What is needed: Could you output each line below precisely as it stands, without the images?

Raw data:

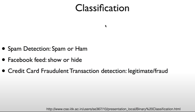 이전에 배운 regression은 어떤 숫자를 예측하는 것이었음. 이번에 배울 classification은 binary classification이라고도 불리는데, 이는 이름에서 알 수 있듯 2개 중 하나를 고르는 것을 의미함.
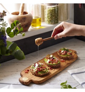 Se raye peu et n'absorbe pas les odeurs. Préserve la lame des couteaux. Nourrie à la cire d'abeille. S’entretient avec une huile végétale ou la cire pour bois culinaires Bérard.
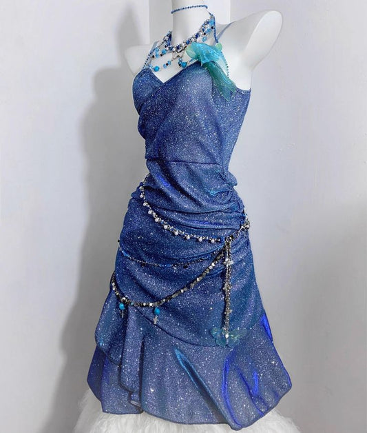 Blue Sparkling Sequin Spaghetti Strap Short Homecoming Dress Party Gown nv3023
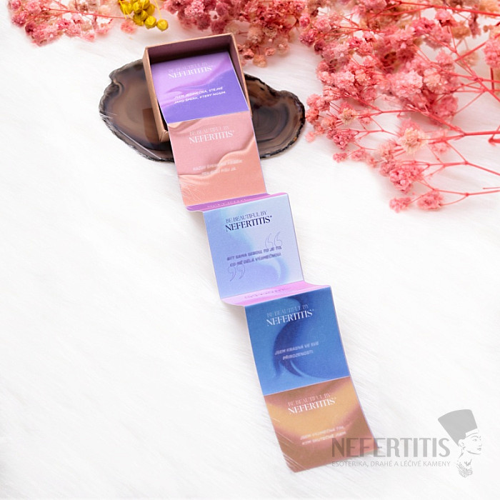 Prsten je uložen do craftové krabičky z přírodního materiálu, která skvěle dopňuje prsten z přírodního kamene. K prstenu od nás obdržíte sadu 7 afirmací – na každý den v týdnu jednu – které jemně posílí vaši jedinečnost, výjimečnost a víru v sebe sama. Jsou to malé připomínky toho, kým opravdu jste.
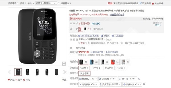 前不久,我们报道过诺基亚有一款型号名为“TA-1174”的功能机入网工信部,据了解,这款功能机就是诺基亚105。近日,这款手机已经在京东开卖,售价139元起,有黑、蓝、白、红、灰多色可选。 在设计上,该手机秉承斯堪的纳维亚风格,没有多余的装饰,整体看起来十分简约;机身采用符合人体工程学的设计,使手机更加贴合手掌,单手持握更加舒适;正面配备1.8英寸QVGA屏幕,采用独立按键的设计,按键与按键之间有着较大空隙,即使闭着眼睛打字也相当流畅。 在续航方面,根据介绍,该机配备一块800mAh电池,一次充电后,可以跟朋友畅聊15个小时,采用标准的USB接口,充电十分方便。存储方面,该机通讯录可存储2000个联系人,可容纳高达500条短信。并且内置经典的贪吃蛇游戏,可以帮助用户打发无聊的时间。 不过,诺基亚105仅支持2G网络。目前,5G网络已经崭露头角,并毫无疑问会逐渐普及,2G、3G网络此前还有过退网的传闻。在这样的情况下,你会购买诺基亚105吗? |
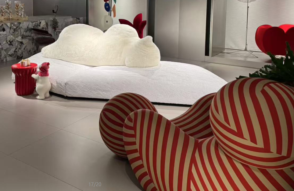 La base è imbottita di Gellyfoam? e piuma, rivestita di un tessuto esclusivo con una texture che ricorda gli strati del ghiaccio. Lo schienale è morbido, realizzato in fibra di poliestere e rivestito di pelliccia ecologica.
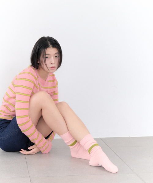 [IHM26SS18] 원라인 니트 삭스 핑크
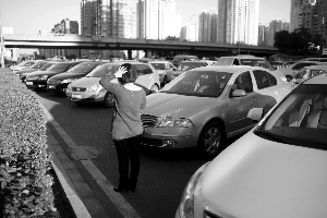 “都是領(lǐng)月餅的!苯煌▍f(xié)管員稱,從早上開始,有人因到富力廣場領(lǐng)取月餅,將車停在路邊,后來車輛也一一效法,便開始亂停。
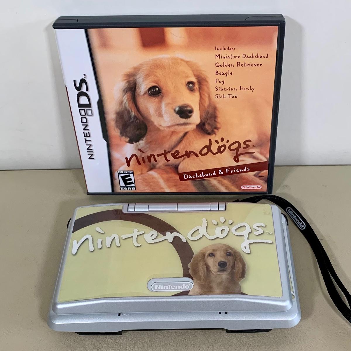 LOT 158 B: 2004 Nintendo DS #NTR-001 w/ Nintendogs Sticker Skins & 2005 Nintendo DS Nintendogs Dachshund & Friends Game
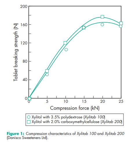 Various directly compressible forms of xylitol that contain other excipients are commercially available, e.g. Xylitab 100, which contains 3.5% polydextrose, and Xylitab 200, which contains 2.0% carboxymethylcellulose (both Danisco Sweeteners Ltd). A directly compressible form of pure xylitol is also available, Xylitab 300 (Danisco Sweeteners Ltd), which is produced via wet granulation. Pyrogen-free grades of xylitol suitable for parenteral use are also commercially available.

Solution for this task:
 이전에 배운 regression은 어떤 숫자를 예측하는 것이었음. 이번에 배울 classification은 binary classification이라고도 불리는데, 이는 이름에서 알 수 있듯 2개 중 하나를 고르는 것을 의미함.
 Se raye peu et n'absorbe pas les odeurs. Préserve la lame des couteaux. Nourrie à la cire d'abeille. S’entretient avec une huile végétale ou la cire pour bois culinaires Bérard.
 Blue Sparkling Sequin Spaghetti Strap Short Homecoming Dress Party Gown nv3023
 Prsten je uložen do craftové krabičky z přírodního materiálu, která skvěle dopňuje prsten z přírodního kamene. K prstenu od nás obdržíte sadu 7 afirmací – na každý den v týdnu jednu – které jemně posílí vaši jedinečnost, výjimečnost a víru v sebe sama. Jsou to malé připomínky toho, kým opravdu jste.
 前不久,我们报道过诺基亚有一款型号名为“TA-1174”的功能机入网工信部,据了解,这款功能机就是诺基亚105。近日,这款手机已经在京东开卖,售价139元起,有黑、蓝、白、红、灰多色可选。 在设计上,该手机秉承斯堪的纳维亚风格,没有多余的装饰,整体看起来十分简约;机身采用符合人体工程学的设计,使手机更加贴合手掌,单手持握更加舒适;正面配备1.8英寸QVGA屏幕,采用独立按键的设计,按键与按键之间有着较大空隙,即使闭着眼睛打字也相当流畅。 在续航方面,根据介绍,该机配备一块800mAh电池,一次充电后,可以跟朋友畅聊15个小时,采用标准的USB接口,充电十分方便。存储方面,该机通讯录可存储2000个联系人,可容纳高达500条短信。并且内置经典的贪吃蛇游戏,可以帮助用户打发无聊的时间。 不过,诺基亚105仅支持2G网络。目前,5G网络已经崭露头角,并毫无疑问会逐渐普及,2G、3G网络此前还有过退网的传闻。在这样的情况下,你会购买诺基亚105吗? |
 La base è imbottita di Gellyfoam? e piuma, rivestita di un tessuto esclusivo con una texture che ricorda gli strati del ghiaccio. Lo schienale è morbido, realizzato in fibra di poliestere e rivestito di pelliccia ecologica.
 [IHM26SS18] 원라인 니트 삭스 핑크
 “都是領(lǐng)月餅的!苯煌▍f(xié)管員稱,從早上開始,有人因到富力廣場領(lǐng)取月餅,將車停在路邊,后來車輛也一一效法,便開始亂停。
 LOT 158 B: 2004 Nintendo DS #NTR-001 w/ Nintendogs Sticker Skins & 2005 Nintendo DS Nintendogs Dachshund & Friends Game
 Various directly compressible forms of xylitol that contain other excipients are commercially available, e.g. Xylitab 100, which contains 3.5% polydextrose, and Xylitab 200, which contains 2.0% carboxymethylcellulose (both Danisco Sweeteners Ltd). A directly compressible form of pure xylitol is also available, Xylitab 300 (Danisco Sweeteners Ltd), which is produced via wet granulation. Pyrogen-free grades of xylitol suitable for parenteral use are also commercially available.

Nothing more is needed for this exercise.